THE CORNWALLISES: IMPOSING BRITISH RULE
Born in England in 1713, Edward Cornwallis was a prominent British politician and military general. After fighting as an officer in the war that crushed the Scottish independence movement in 1745–46, he was appointed governor of Nova Scotia, a post he held from 1749 to 1752. He founded the city of Halifax on traditional Mi’kmaw territory and soon came into armed conflict with the Mi’kmaq, who were allied with the French. He was credited with introducing courts of law for solving both civil and criminal cases in accordance with English laws in Nova Scotia. However, Cornwallis became infamous for offering a bounty on the heads of Mi’kmaw men, women, and children.
Another member of the family, Charles, 1st Marquess and 2nd Earl Cornwallis, became the Governor General of India from 1786 to 1793 and again in 1805. (He died the same year and was cremated in Ghazipur, India.) In 1793 he introduced land-taxing policies called Permanent Settlement, which squeezed money out of commoners in order to generate income for the East India Company (EIC) and to consolidate British power. Under these policies, Indian landowners paid an annual fixed tax to the EIC. Since failure to pay resulted in the forfeiture of their lands, landowners forcibly extracted revenue from the peasants and downtrodden poor in order to pay the tax to the company.
Under Cornwallis’s governorship, the EIC annexed half of the kingdom of Mysore after defeating its powerful ruler, Tipu Sultan, at the end of the Third Anglo-Mysore War in 1792.
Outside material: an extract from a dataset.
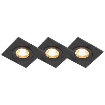 General description The QAZQA Set of 3 Bathroom Recessed Spotlights Black Square IP44 - Xena is the perfect solution to illuminate your bathroom with a modern touch. These stylish black square spotlights not only enhance the aesthetic of your space but also provide functional lighting that is splash-proof, making them ideal for bathroom use. Technical specifications Dimensions: Length and Width - 8 cm Cut-out size: 6.5 cm Depth: 12 cm Bulb holder: GU10 Max wattage: 3 x 50 W Voltage: 220V/230V Protection class: IP44 Dimmable: Yes (dimmer not included) Lightsource: Exclusive Compatibility and accessories Compatible with incandescent, halogen, LED, and energy-saving bulbs Light source required: GU10 fitting (max. 50W) Installation Comes complete with spring clips for easy clamping to the ceiling Usage Suitable for use in bathrooms and outdoor lighting Other information
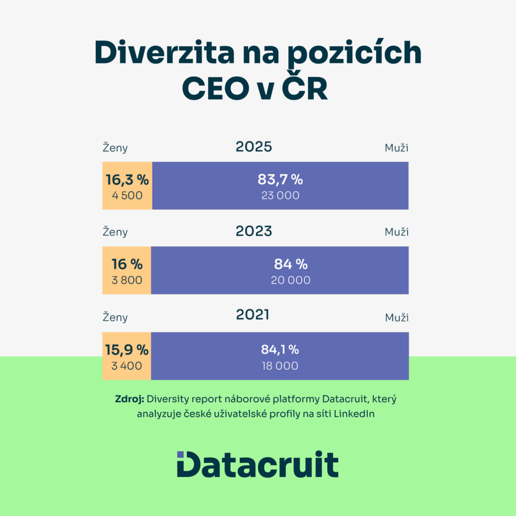 Převážně mužskou doménou bez výrazné změny ve sledovaném období zůstává v České republice nadále role CEO. V roce 2025 zastávaly ženy v porovnání s muži zhruba 16 procent těchto pozic, což je velmi podobný podíl, jaký byl zaznamenán o čtyři roky dříve. Naprostá většina žen i mužů na této úrovni (cca 70 procent) má více než desetiletou praxi a přes 35 procent žen a téměř 40 procent mužů si udržuje svou nynější pozici v nejvyšším vedení firem více než 10 let.

One of the principal thoroughfares between north and south Calcutta was once named Cornwallis Street; however, it has been renamed Bidhan Sarani after West Bengal’s first chief minister, Dr. Bidhan Chandra Roy. Similarly, Halifax’s Cornwallis Street has been renamed Nora Bernard Street after a Mi’kmaw activist who successfully demanded compensation for residential school survivors.